When you are fighting pancreatic cancer, the most lethal of all cancers, you need all the help you can get. A team from the University of California, Los Angeles, have introduced a possible new weapon to the battlefield: saliva as a diagnostic tool that may aid in early detection of the disease.

Pancreatic Cancer
The National Cancer Institute reports that an estimated 42,470 new cases of pancreatic cancer were diagnosed in the United States in 2009, and more than 35,000 patients died of the disease. Pancreatic cancer is the fourth leading cause of cancer death in America, and the lifetime risk of developing the disease is about one in 72 for both women and men.

One factor that makes pancreatic cancer so deadly is that its typical symptoms—abdominal pain and jaundice--do not appear until the disease is in an advanced stage. Fewer than 5 percent of people who are diagnosed with pancreatic cancer live for five years, according to the World Health Organization, and full remission is a rarity. Availability of an early detection tool would be a significant step in fighting the disease.

Pancreatic cancer is also difficult to fight because the cause is not known, although experts have identified some risk factors. They include smoking (cigarette smokers are 2 or 3 times more likely than nonsmokers to develop the disease), having diabetes, being African American, and having chronic pancreatitis (an inflamed pancreas). Some studies suggest a high-fat diet and exposure to certain chemicals also increase risk of developing the disease. However, many people who have known risk factors do not get the disease.

The UCLA Study
A team of investigators from the UCLA School of Dentistry, the David Geffen School of Medicine at UCLA, the UCLA School of Public Health, and UCLA’s Jonsson Comprehensive Cancer Center have shown that a salivary diagnostic tool may be helpful in identifying and fighting the disease.

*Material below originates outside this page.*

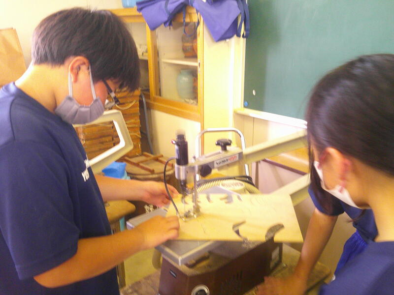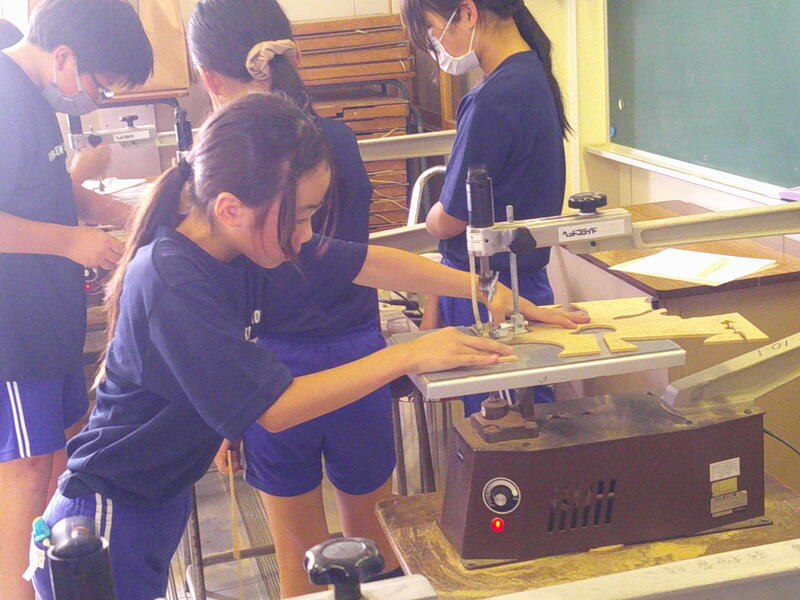 ①特別教室にはまだエアコンがないので、先生が水分補給や休憩を呼びかけながら、授業を進めていました。糸のこぎりや家庭科の実習など、どうしても教室では活動が難しいものもあるのです。これから各学校の特別教室にも順にエアコンが入っていきます。よかったです!

In the study, the senior investigator, David Wong, DMD, DMSc, and his team studied the saliva in 90 subjects. When they analyzed altered gene expression, they identified four biomarkers that differentiated pancreatic cancer patients from people who had chronic pancreatitis or who were healthy with 90 percent sensitivity and 95 percent specificity.

Although the sample size was small, the researchers believe their findings “underscore the potential for salivary diagnostics to play a pivotal role in the detection of systemic cancers and diseases,” according to Lei Zhang, PhD, a co-first author of the study and an assistant researcher at the UCLA School of Dentistry Dental Research Institute.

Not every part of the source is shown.